Troubleshoot snapshots
When a snapshot fails, KOTS automatically collects and stores a support bundle. This bundle contains all logs and system state at the time of the failure. It is a good place to view the logs.
Replicated KOTS is available only for existing customers. For supporting installations into customer managed clusters, we recommend Helm. For more information, see About Helm Installations with Replicated.
KOTS is a Generally Available (GA) product for existing customers. For more information about the Replicated product lifecycle phases, see Support Lifecycle Policy.
Velero is crashing
If Velero is crashing and not starting, some common causes are:
Invalid cloud credentials
Symptom
You see the following error message from Velero when trying to configure a snapshot.
time="2020-04-10T14:22:24Z" level=info msg="Checking existence of namespace" logSource="pkg/cmd/server/server.go:337" namespace=velero
time="2020-04-10T14:22:24Z" level=info msg="Namespace exists" logSource="pkg/cmd/server/server.go:343" namespace=velero
time="2020-04-10T14:22:27Z" level=info msg="Checking existence of Velero custom resource definitions" logSource="pkg/cmd/server/server.go:372"
time="2020-04-10T14:22:31Z" level=info msg="All Velero custom resource definitions exist" logSource="pkg/cmd/server/server.go:406"
time="2020-04-10T14:22:31Z" level=info msg="Checking that all backup storage locations are valid" logSource="pkg/cmd/server/server.go:413"

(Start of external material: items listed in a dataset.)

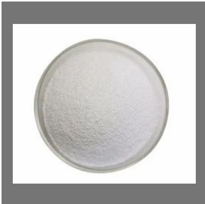
Sucralose Sweetener Powder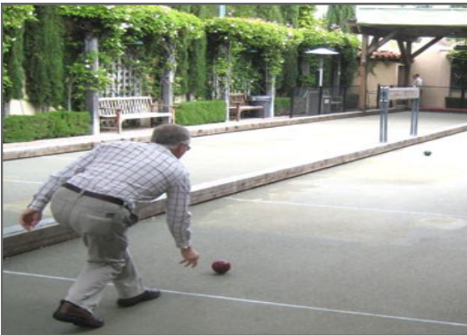
Bocce Ball 3:30 p.m.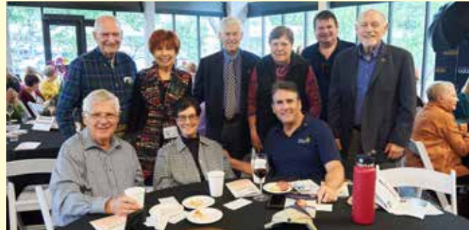
Rotary Club members attending the ESCOM 50th Anniversary Celebration.

October 20, 2023 Vol. 75, No. 15 Editor: Mister E. Editor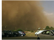
Raw Video: Dust Storm Rolls Through Texas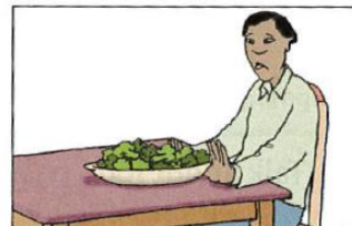
I don't care for broccoli.

Exercise 5. Escribe 7 oraciones usando las palabras en negritas.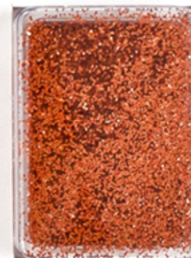
2510A-471-L Bright Copper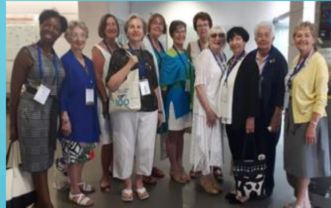
CFUW Delegation to Geneva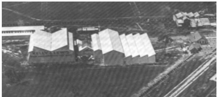
Figure 12. Kelly & Lewis from the air c1926 (Hibbins)

Nissan was the largest international firm to establish a manufacturing plant in the area. The Japanese firm began assembling Datsun cars in Australia in the mid 1960s in Sydney and from 1977 at Clayton. It opened its National Parts Distribution Centre at Dandenong in 1981 and a new aluminium casting plant in 1982 ( Hooper, 1988: 24-5). It also established its Technical Training Centre and its head office on adjoining sites.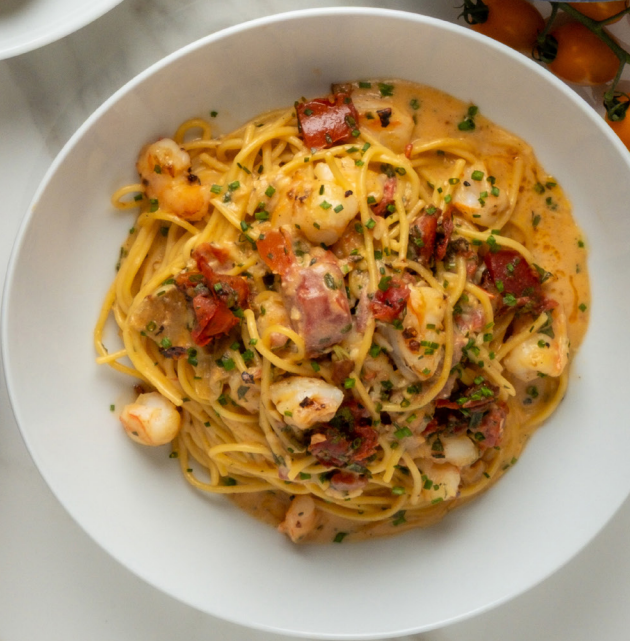
PRAWN BUTTER PASTA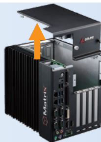
2. Withdraw the thumbscrew and remove the top cover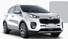
Snow White Pearl ^ *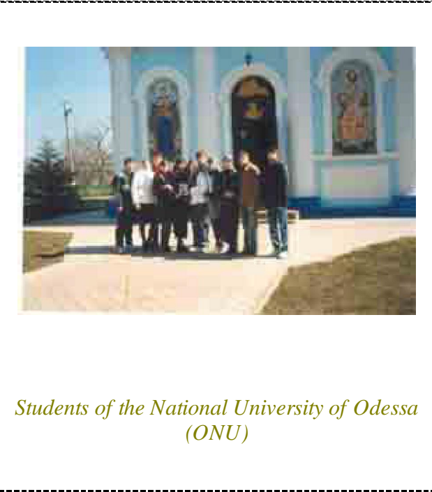
Students of the National University of Odessa (ONU)

( , 14.01.2005 . . ) « - » 6 1822 :« , , ;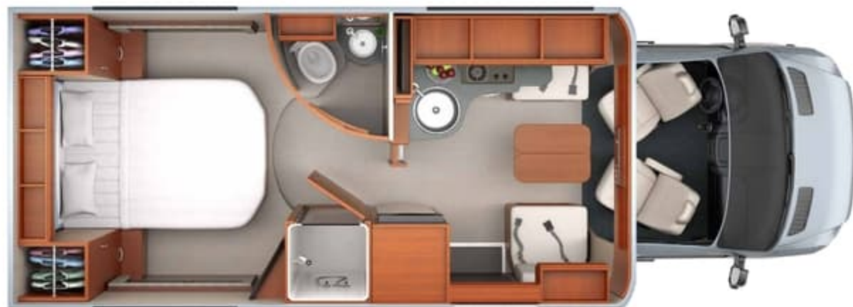
U24IB Island Bed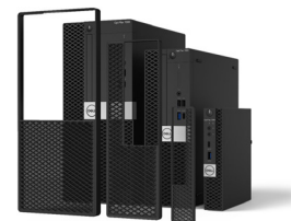
OPTIPLEX DUST FILTERS

Thermally tested custom cable covers offer an easy to install and attractive way to manage cables and secure ports.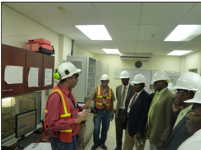
Delegates receive a brief presentation by Nejapa plant operators during their tour of the methane recovery facility.

Comisión Regional de Inteconexión Eléctrica (CRIE), the body responsible for setting tariffs and regulating trade. With financial backing from the International Development Bank, Central America Bank for Economic Integration and the Spanish Government, the project moved toward implementation.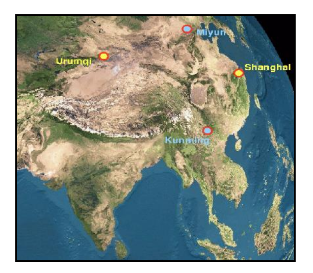
Figure. 2. Satellite Earth image showing the location of Chinese VLBI stations currently participating in the European VLBI network (adapted from http://www.evlbi.org).

Astronomical Observatory (SHAO) is the Chinese institution where VLBI was first introduced in the country back in 1972 (see Zhang et al. 2010 for a review).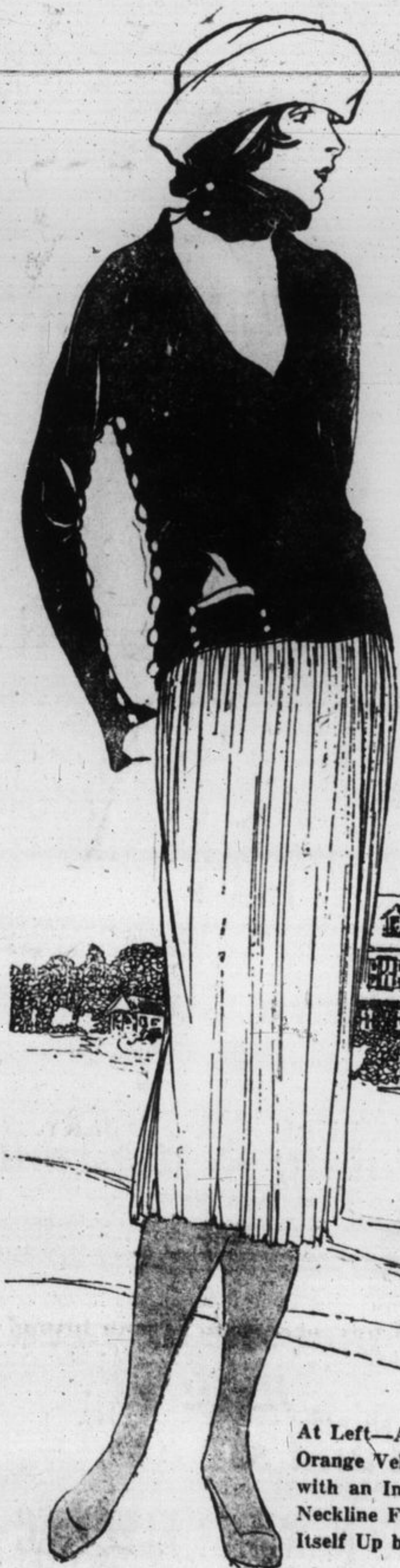
At Left—An Orange Velvet Blouse with an Interesting Neckline Fastens Itself Up by One Sleeve.

Pioneer Effects in the New Fall Designs for the Tournament Girl Who Is Going in for Leather Trimmings, Kid Hats and Warm Flannel Smocks.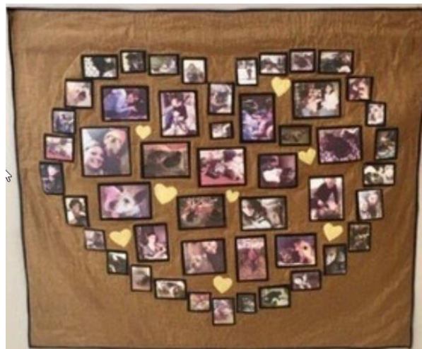
#23 Friends Come in All Shapes and Sizes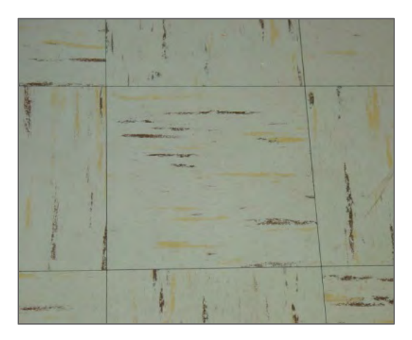
Vinyl asbestos tile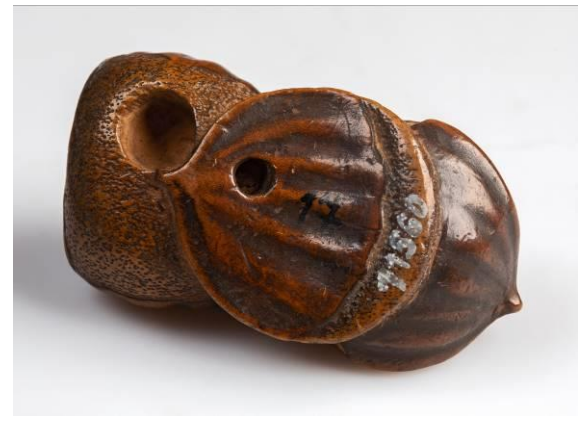
8/ Object 11.560, from the back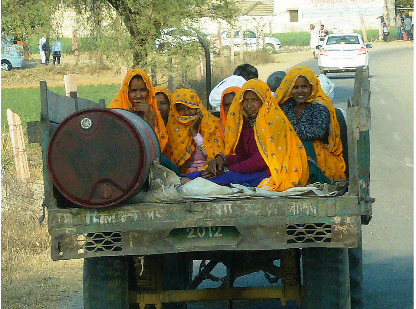
Above: A Rajasthan family making their way back to their Thar Desert home complete with a barrel of fuel.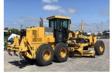
John Deere 772CH 208934 (C) 772CH, Construction, 2003, 17116 hours, 200hp, Used, PowerShift, 17.5R25, 17.5R25 $85,000.00+GST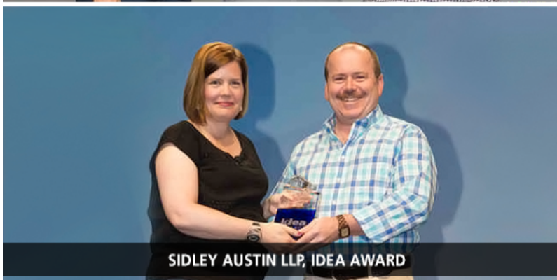
SIDLEY AUSTIN LLP, IDEA AWARD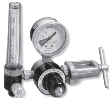
Single - Stage Flowmeter Regulator ½ - 15 LPM, 50 psi Present, CGA-870 Yoke Item #7715-MRI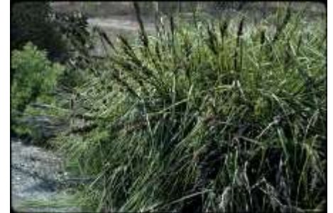
Gahnia melanocarpa Hotchkiss, R, ANBG, 1991, APII a.6491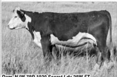
Dam, NJW 78P 1030 Secret Ldy 28W ET

• A calving ease, smaller-framed bull out of a tight and tidy uddered two year old Top Secret cow. His sire P20 is known for lowering birth and good milk.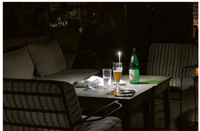
12_ © Pamela Thomas-Graham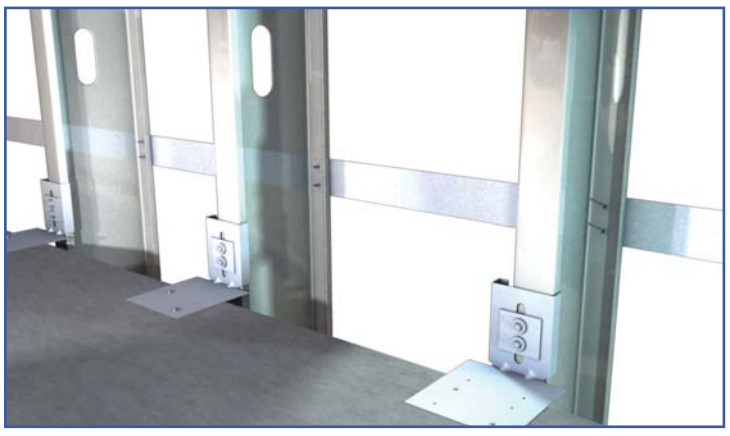
VertiClip SLF used with one flat strap bracing on the outer flange of studs to resist torsional effects.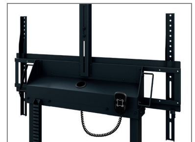
Cable management via cable drag chain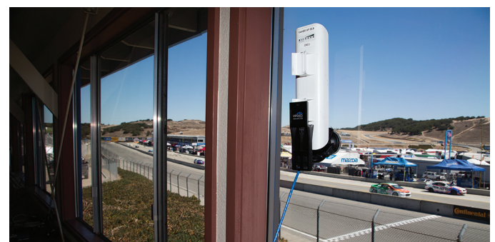
NanoStationM in command center

Some racetracks have sections where there is no line of sight to the command center, so Point-to-Point (PtP) bridges must be used to deliver the data to an area with line of sight.

An error occurred: some backup storage locations are invalid: backup store for location "default" is invalid: rpc error: code = Unknown desc = NoSuchBucket: The specified bucket does not exist
status code: 404, request id: BEFAE2B9B05A2DCF, host id: YdlejsorQrn667ziO6Xr6gzwKJJ3jpZzZBMwwMIMpWj18Phfii6Za+dQ4AgfzRcxavQXYcgxRJI=
Cause
If the cloud access credentials are invalid or do not have access to the location in the configuration, Velero will crashloop. The support bundle includes the Velero logs, and the message looks like this.
Solution
Replicated recommends that you validate the access key / secret or service account json.
Invalid top-level directories
Symptom
You see the following error message when Velero is starting:
time="2020-04-10T14:12:42Z" level=info msg="Checking existence of namespace" logSource="pkg/cmd/server/server.go:337" namespace=velero
time="2020-04-10T14:12:42Z" level=info msg="Namespace exists" logSource="pkg/cmd/server/server.go:343" namespace=velero
time="2020-04-10T14:12:44Z" level=info msg="Checking existence of Velero custom resource definitions" logSource="pkg/cmd/server/server.go:372"
time="2020-04-10T14:12:44Z" level=info msg="All Velero custom resource definitions exist" logSource="pkg/cmd/server/server.go:406"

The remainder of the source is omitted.